Generating Random Results - SQL School Video

  • Andy Warren

    SSC Guru

    Points: 119655

    Comments posted to this topic are about the item Generating Random Results - SQL School Video

  • IStevenChen

    Grasshopper

    Points: 21

    oooh, great tip, thanks.:)

  • Adrian Hains

    Ten Centuries

    Points: 1322

    Ordering by newid() is pretty lackluster in the performance department, I assumed this article would cover some great new ways to randomize data 🙁

    I've gotten by in a variety of cases by using row_number() over some indexed column(s), and predicating to some random offsets. This ends up being significantly better than the newid() approach, but the perf is still not that great if you have huge tables and some of your random offsets are deep into the table.

    The other main approach I've seen is using tablesample (i.e. http://www.mssqltips.com/tip.asp?tip=1308), this may work better on very large tables.

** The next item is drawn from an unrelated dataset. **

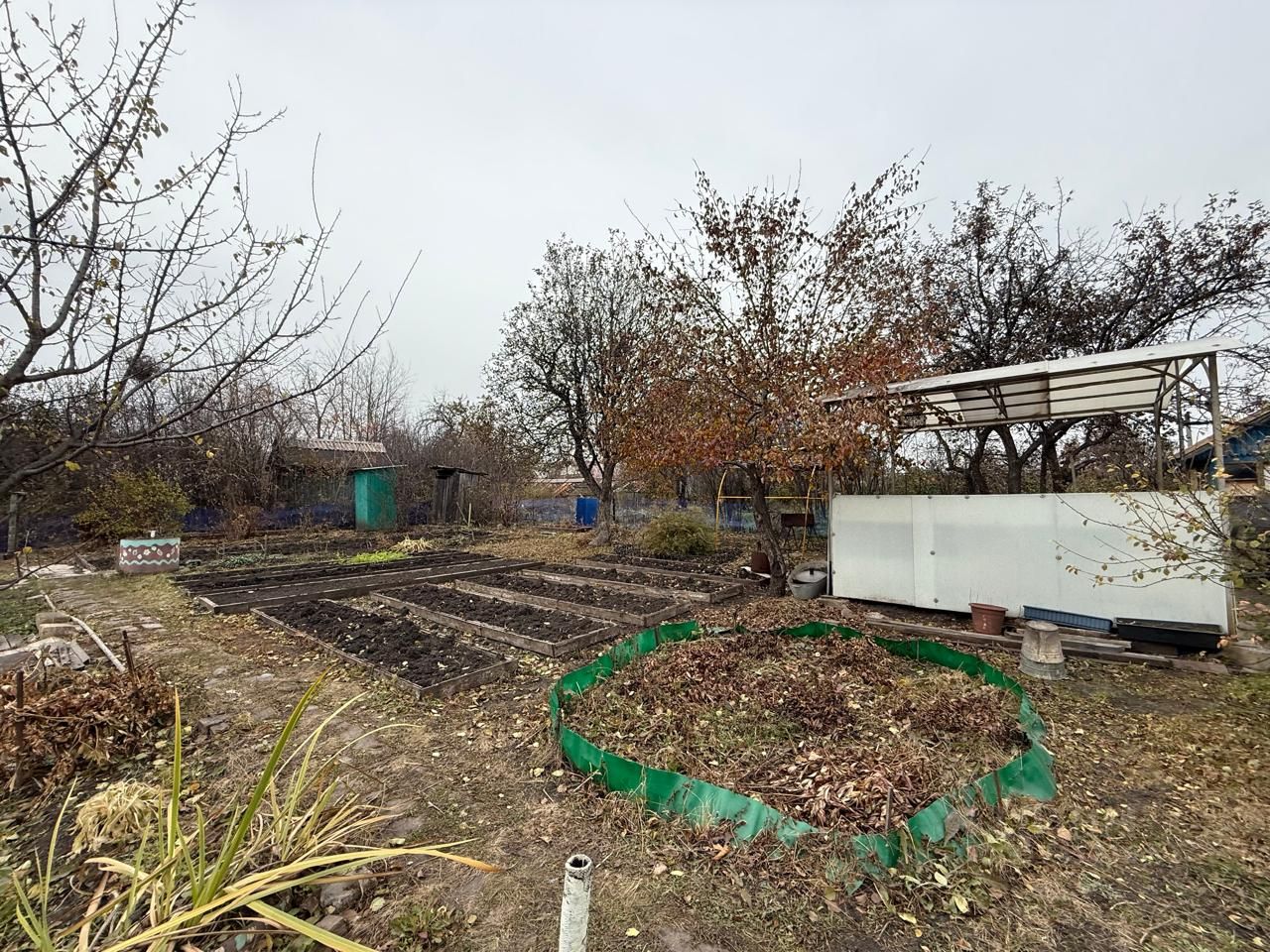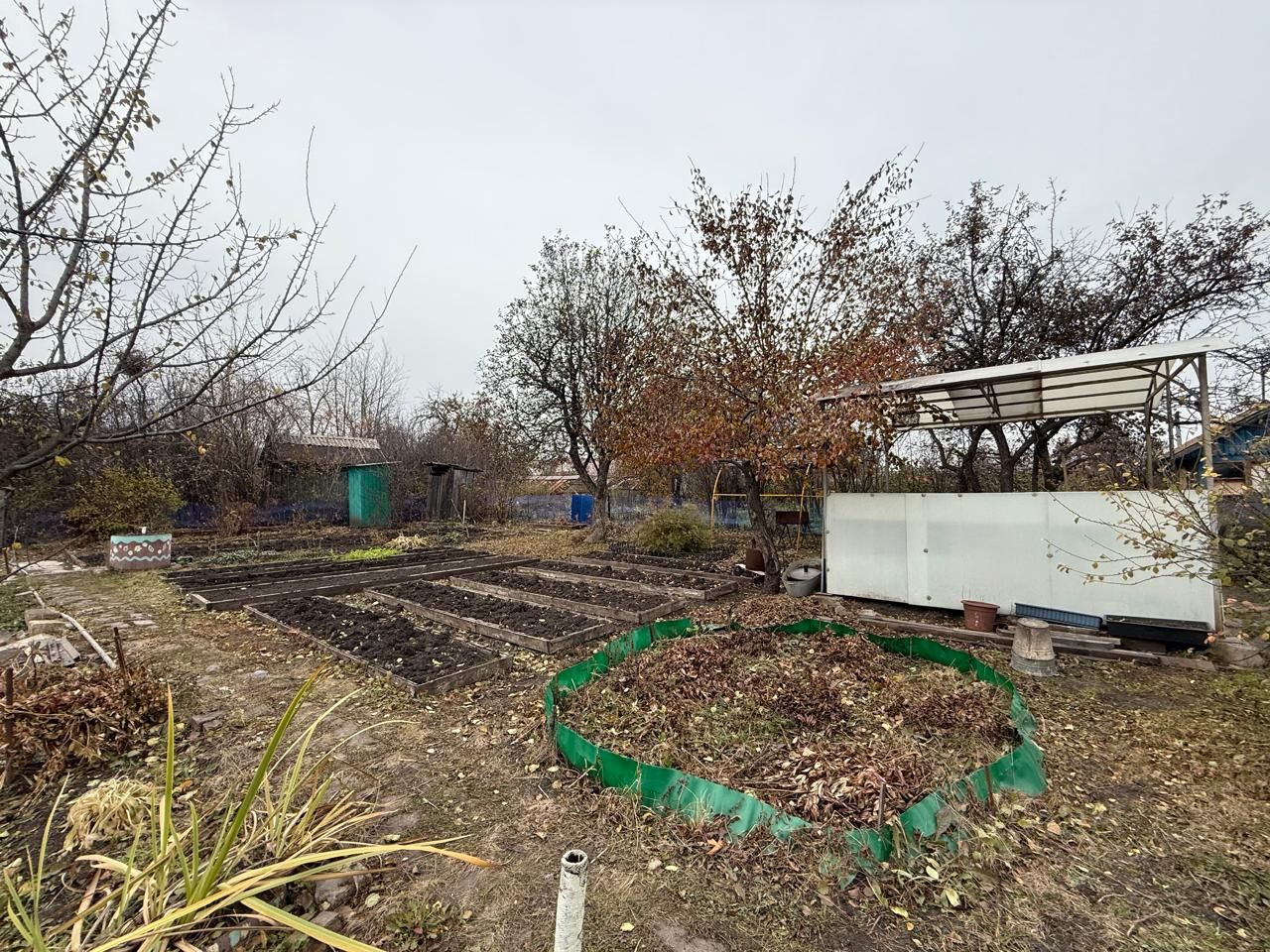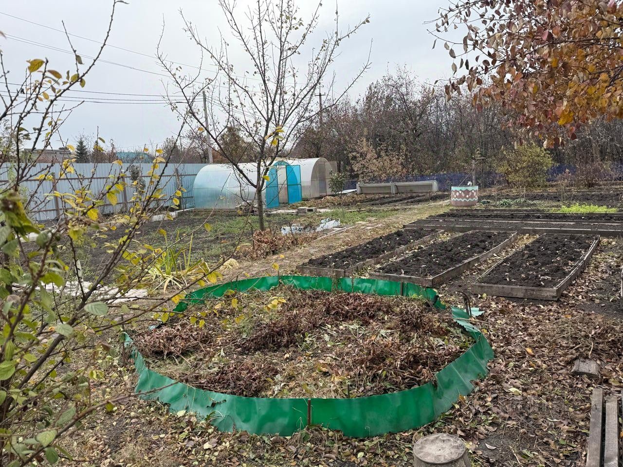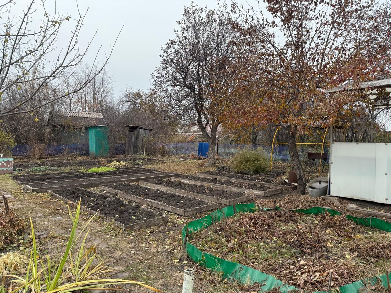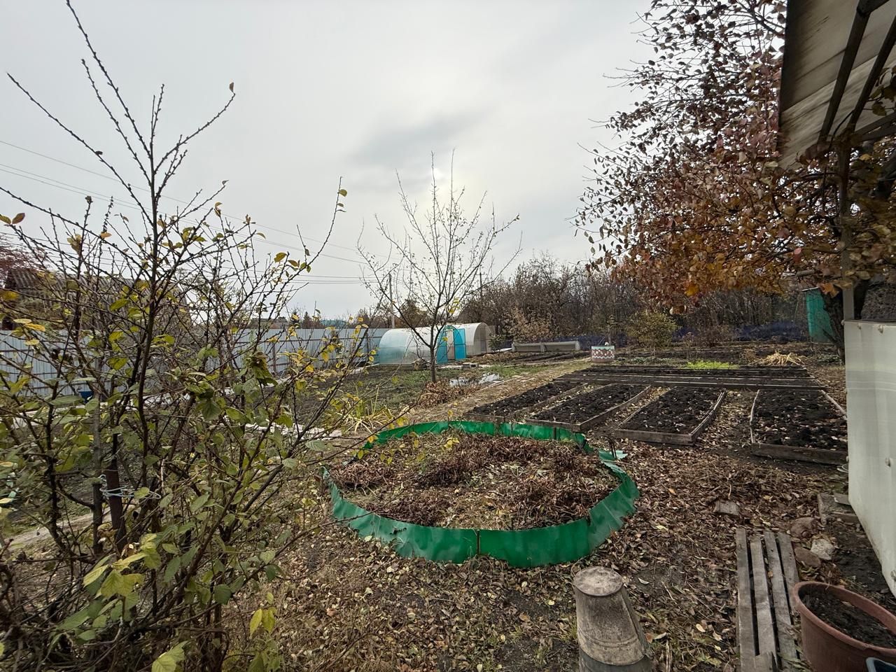 На участке стоят 2 теплицы 3х4, парник 4х1.
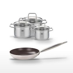 - DESCRIPTION : DESCRIPTION : Ce lot Elo inclut une poêle céramique 32 cm et trois faitouts en inox, idéals pour des cuissons variées.

    For the common variety of requirement of fetching some random images in a website image gallery, I ended up creating a table to contain a randomized list of keys to the data rows. So if each image has an identity column as the PK, the randomized table contains a list of these ids in random order. You pay the perf to order by newid() one time with a nightly job, then each request simply chooses a random entry point into the randomized table and queries out the next N ids. Since the randomized table has contiguous ids it is cheap to seek into - where id is rand between 1 and max(id).

  • Anipaul

    SSC-Insane

    Points: 24681

    Nice one ...:)

  • dray

    SSC Enthusiast

    Points: 107

    In the video example, wouldn't the same 20 people be selected, just returned in a different order? If you had a table with all the names, you would need to first have a sub query select all the records and add a uniqueidentifier (newguid()), then from that set select the top 20 and order by the uniqueidentifier.

  • Adrian Hains

    Ten Centuries

    Points: 1322

    dray (1/22/2009)


    In the video example, wouldn't the same 20 people be selected, just returned in a different order? If you had a table with all the names, you would need to first have a sub query select all the records and add a uniqueidentifier (newguid()), then from that set select the top 20 and order by the uniqueidentifier.

    When you have TOP and ORDER BY in the same statement, the ORDER BY is logically applied before the TOP.

    From the entry on TOP (http://msdn.microsoft.com/en-us/library/ms189463.aspx)

    If the query includes an ORDER BY clause, the first expression rows, or expression percent of rows, ordered by the ORDER BY clause are returned. If the query has no ORDER BY clause, the order of the rows is arbitrary.